Patients (n=85) with ischemic cardiomyopathy and substantial viability (>or=25% of the left ventricle) on dobutamine stress echocardiography underwent surgical revascularization. Based on the waiting time for revascularization, patients were divided into 2 groups: early (<or=1 month) and late (>1 month) revascularization. Left ventricular ejection fraction (LVEF) was assessed before and 9 to 12 months after revascularization; follow-up data were acquired up to 2 years after revascularization. Hence, 40 patients underwent early (20+/-12 days) and 45 late (85+/-47 days) revascularization. Baseline characteristics of the two groups were comparable.
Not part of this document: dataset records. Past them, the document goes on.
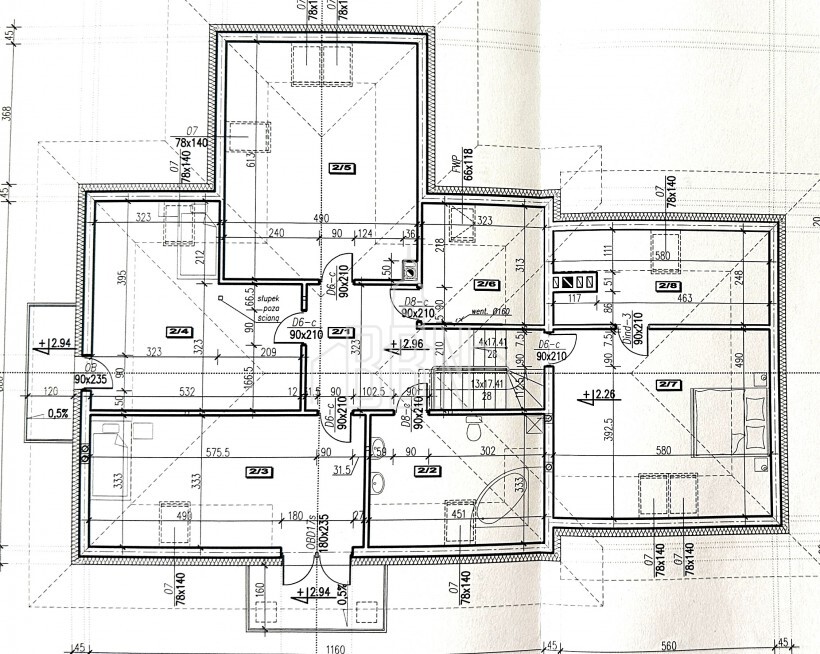 4 pokoje (15,78 m2, 15,99 m2, 17,78 m2, 18,09 m2), hall ze schodami - 16,10 m2, łazienka - 8,81 m2, pralnia - 4,40 m2, garderoba - 6,01 m2
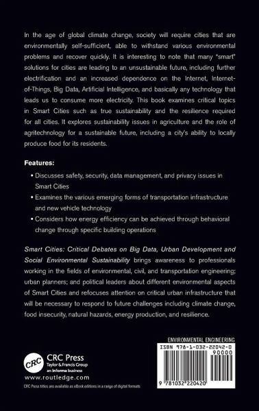 This book examines critical topics in Smart Cities such as true sustainability and the resilience required for all cities. It explores sustainability issues in agriculture and the role of agri-technology for a sustainable future, including a cityâ s ability to locally produce food for its residents.
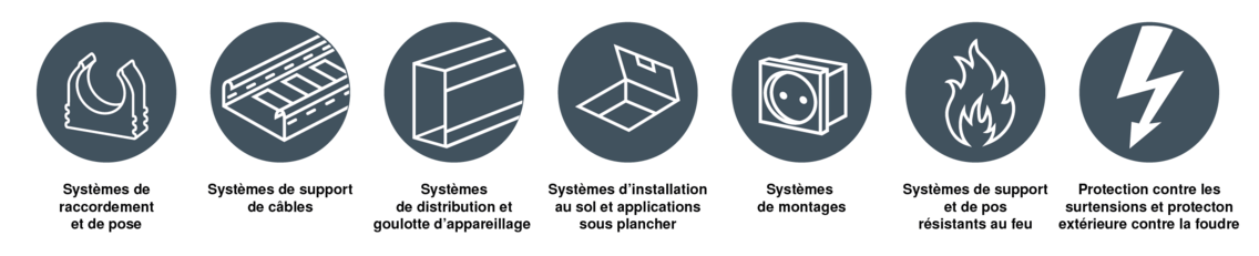 De la gestion des câbles aux systèmes de sécurité; vous trouverez directement les informations techniques et les références correctes pour une préparation de travail et une commande rapides.
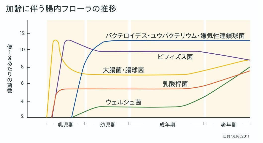 また、腸内環境を見てみると、乳児期(0歳〜1歳)の腸内細菌はビフィズス菌が多数を占めています。しかし、離乳後は食事や環境の変化により、大人と同じようなさまざまな種類やバランスの腸内細菌に変化していきます。乳児期の腸内細菌の多様性は低く、幼児期から大人になるにつれて高くなり、特に健康な大人ほど菌の多様性が高いとされていることから、この多様性を高めるための活動を、子どもの頃、特に腸内環境のベースが決まると言われている2歳〜6歳の間からしっかりと行うことが重要となります。
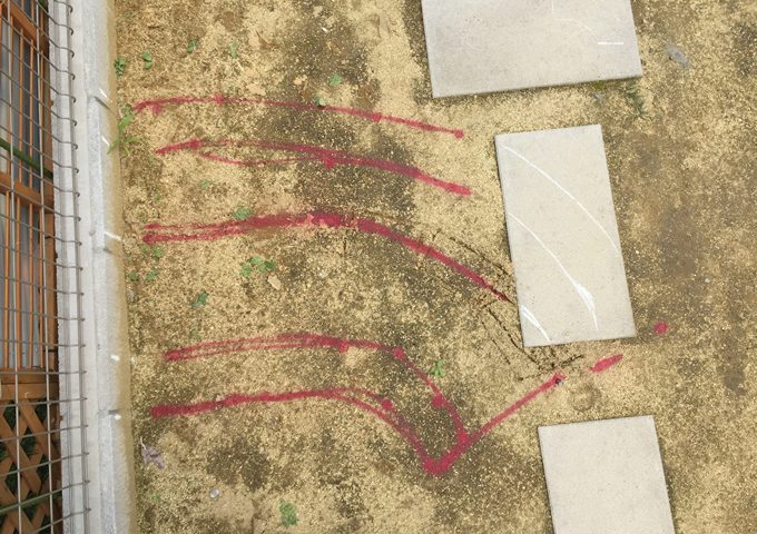 次に大きい方の基礎作りをします。掘るサイズを間違えないように、はなうたちゃんに線を書いてもらいました(^^;

Preoperative deaths were 0 in the early and 2 in the late group. Patients with early revascularization remained shorter time in the intensive care unit (2.4+/-1.5 days versus 5.9+/-2.1 days for the late group, P<0.05). Low output syndrome was observed more frequently in the late group (8% versus 22%, P=0.06). On long-term follow-up, mortality (5% versus 20%, P<0.05) and re-hospitalization for heart failure (10% versus 24%, NS) were higher in the late group. LVEF improved from 28+/-9% to 40+/-12% (P<0.05) in the early group and remained unchanged in the late group (27+/-10% versus 25+/-7%, NS).


Patients with ischemic cardiomyopathy and viable myocardium benefit from early revascularization (with improvement in LVEF and favorable prognosis), whereas delayed revascularization of these patients is associated with worse outcome.